## Brief:
Transcribe every line of the material below without change, apart from dropping the pictures.

## Data shown:
^^^^^^^^^^^^^^^^

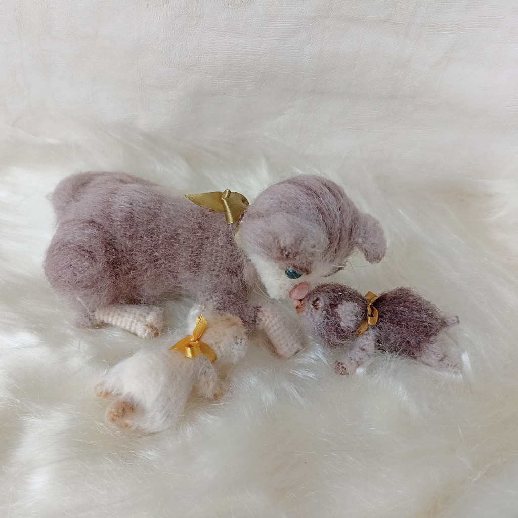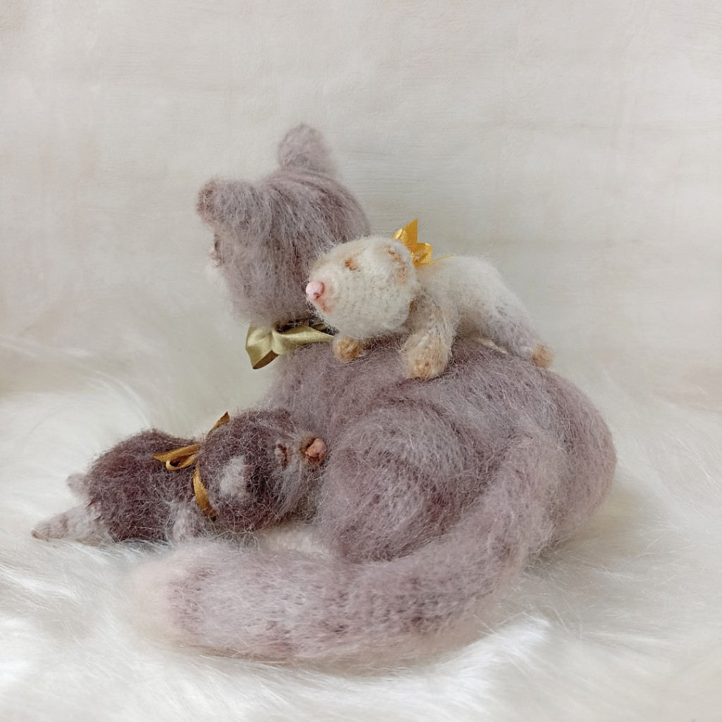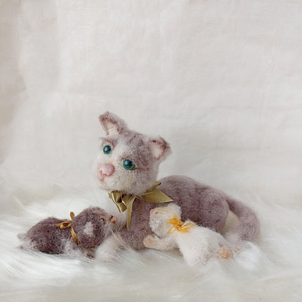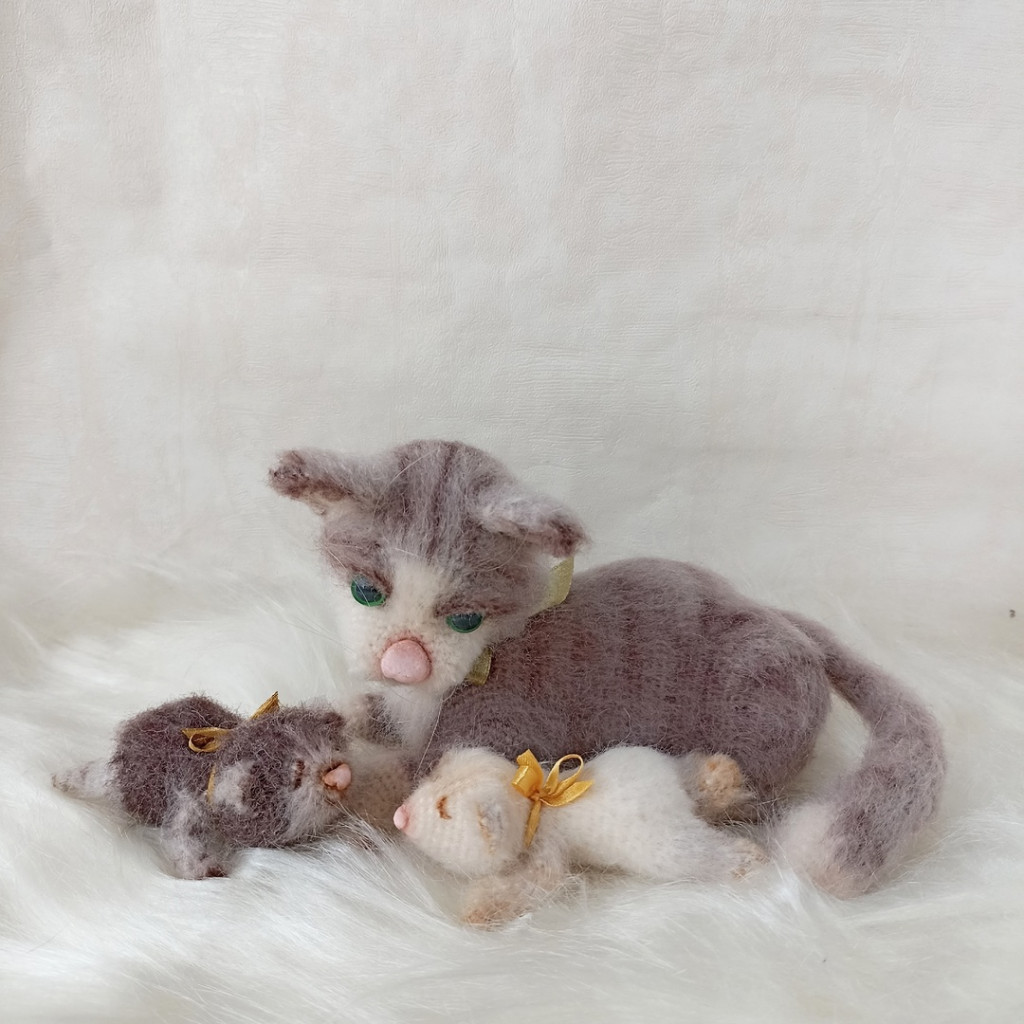 Кошка Мурка с котятами. Связан по мк Эльвиры Супонькиной (Киса Плюс)
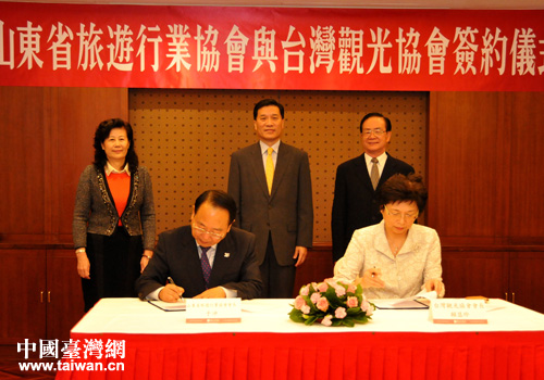 中國臺灣網(wǎng)10月31日臺北消息 日前,山東省旅游局和臺灣觀光協(xié)會在臺北圓山飯店簽訂合作協(xié)議,山東省旅游局于沖局長、臺灣觀光協(xié)會賴瑟珍會長代表魯臺雙方在合約上簽字。山東省夏耕副省長、臺灣觀光協(xié)會張學勞榮譽會長、山東省臺辦張雪燕主任等見證了簽字活動。
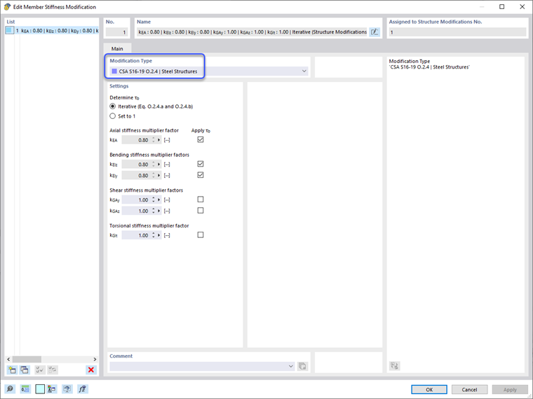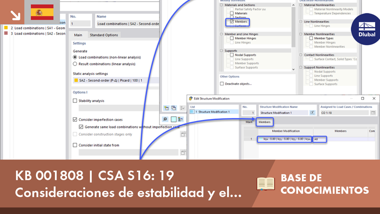 Las reducciones de rigidez se aplican a la Situación de Diseño Última solo una vez más a través de las opciones de definición del Asistente de Combinación y la casilla de verificación "Considerar modificación de la estructura". Se puede crear una nueva definición de modificación de la estructura. La casilla de verificación de "Miembros" se selecciona en la pestaña Principal - Materiales y Secciones. Esto abre una nueva pestaña de Miembros donde se define la Modificación de Rigidez de Miembros según la CSA S16-19 O.2.4 | Estructuras de Acero. Este tipo de definición permite que el programa calcule automáticamente el factor de reducción τb, o se puede configurar un valor generalizado de 1.0 para todos los miembros. Además, el factor 0.8 se puede aplicar a los diferentes tipos de rigidez de los miembros. El usuario puede determinar si el factor τb y el factor 0.8 deben aplicarse solo a la rigidez axial y de flexión del miembro o si también se debe considerar la rigidez al corte y torsional. Una vez que se ingresan las propiedades de modificación de rigidez, la definición se puede aplicar a miembros específicos o se puede establecer el término "Todos" para aplicarse a todos los miembros en el modelo.
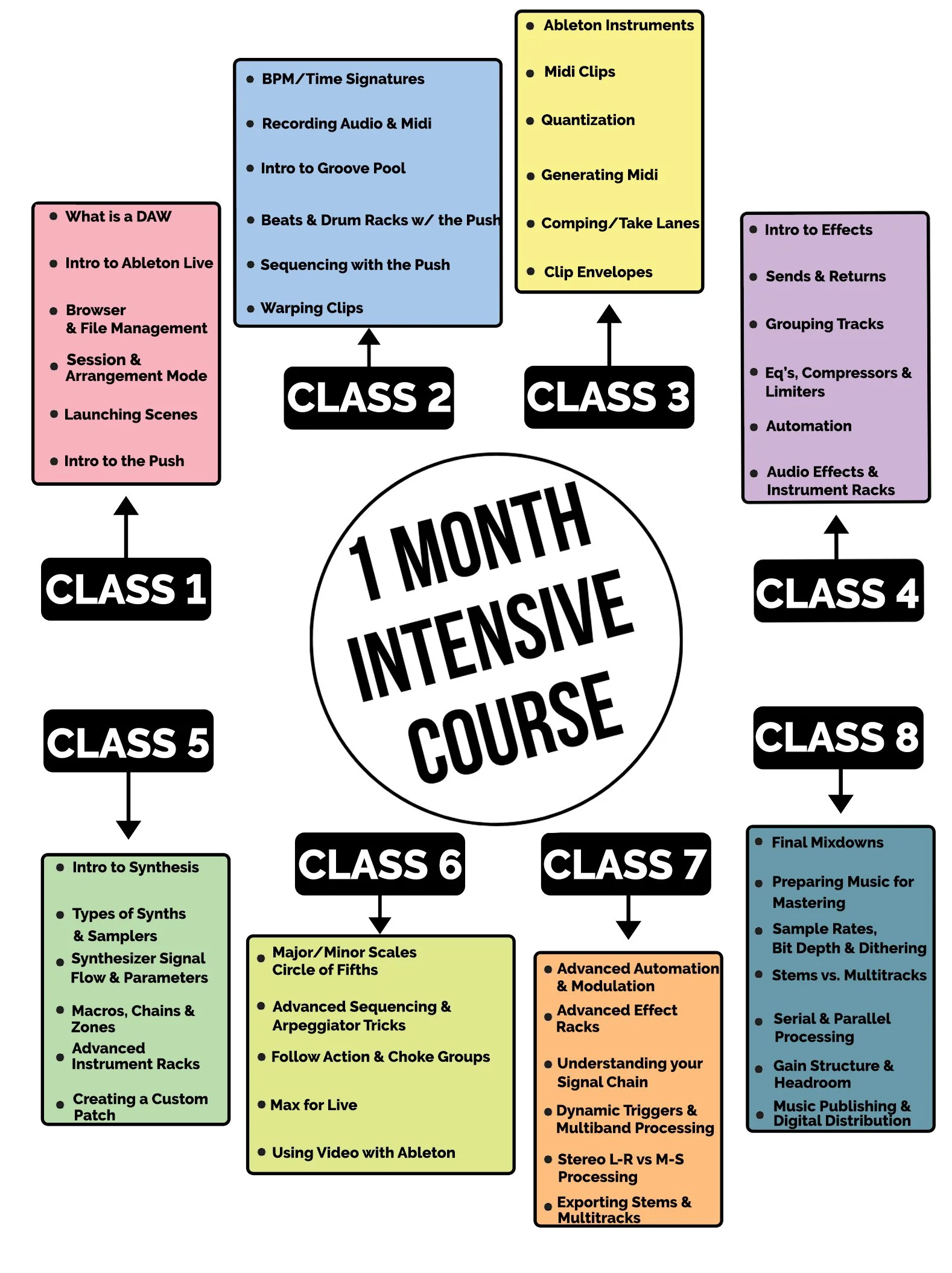The 1 month online intensive courses, and One-On-One sessions allow users to start with the very basics, and move towards more advanced Ableton production techniques. Each month there are a series of 8 classes, each 2 hours in duration. Click the images below, for a day-to-day overview of the topics covered. Addition to the classes, we provide you with, Ableton templates, Custom presets/packs and access to our Splice sound bank. Any student enrolled in our programs, will receive access to our Ableton Educational discounts for software and hardware.

^^^^^^^^^^^^^^^^

## Your response:
 Кошка Мурка с котятами. Связан по мк Эльвиры Супонькиной (Киса Плюс)
 中國臺灣網(wǎng)10月31日臺北消息 日前,山東省旅游局和臺灣觀光協(xié)會在臺北圓山飯店簽訂合作協(xié)議,山東省旅游局于沖局長、臺灣觀光協(xié)會賴瑟珍會長代表魯臺雙方在合約上簽字。山東省夏耕副省長、臺灣觀光協(xié)會張學勞榮譽會長、山東省臺辦張雪燕主任等見證了簽字活動。
 Las reducciones de rigidez se aplican a la Situación de Diseño Última solo una vez más a través de las opciones de definición del Asistente de Combinación y la casilla de verificación "Considerar modificación de la estructura". Se puede crear una nueva definición de modificación de la estructura. La casilla de verificación de "Miembros" se selecciona en la pestaña Principal - Materiales y Secciones. Esto abre una nueva pestaña de Miembros donde se define la Modificación de Rigidez de Miembros según la CSA S16-19 O.2.4 | Estructuras de Acero. Este tipo de definición permite que el programa calcule automáticamente el factor de reducción τb, o se puede configurar un valor generalizado de 1.0 para todos los miembros. Además, el factor 0.8 se puede aplicar a los diferentes tipos de rigidez de los miembros. El usuario puede determinar si el factor τb y el factor 0.8 deben aplicarse solo a la rigidez axial y de flexión del miembro o si también se debe considerar la rigidez al corte y torsional. Una vez que se ingresan las propiedades de modificación de rigidez, la definición se puede aplicar a miembros específicos o se puede establecer el término "Todos" para aplicarse a todos los miembros en el modelo.
The 1 month online intensive courses, and One-On-One sessions allow users to start with the very basics, and move towards more advanced Ableton production techniques. Each month there are a series of 8 classes, each 2 hours in duration. Click the images below, for a day-to-day overview of the topics covered. Addition to the classes, we provide you with, Ableton templates, Custom presets/packs and access to our Splice sound bank. Any student enrolled in our programs, will receive access to our Ableton Educational discounts for software and hardware.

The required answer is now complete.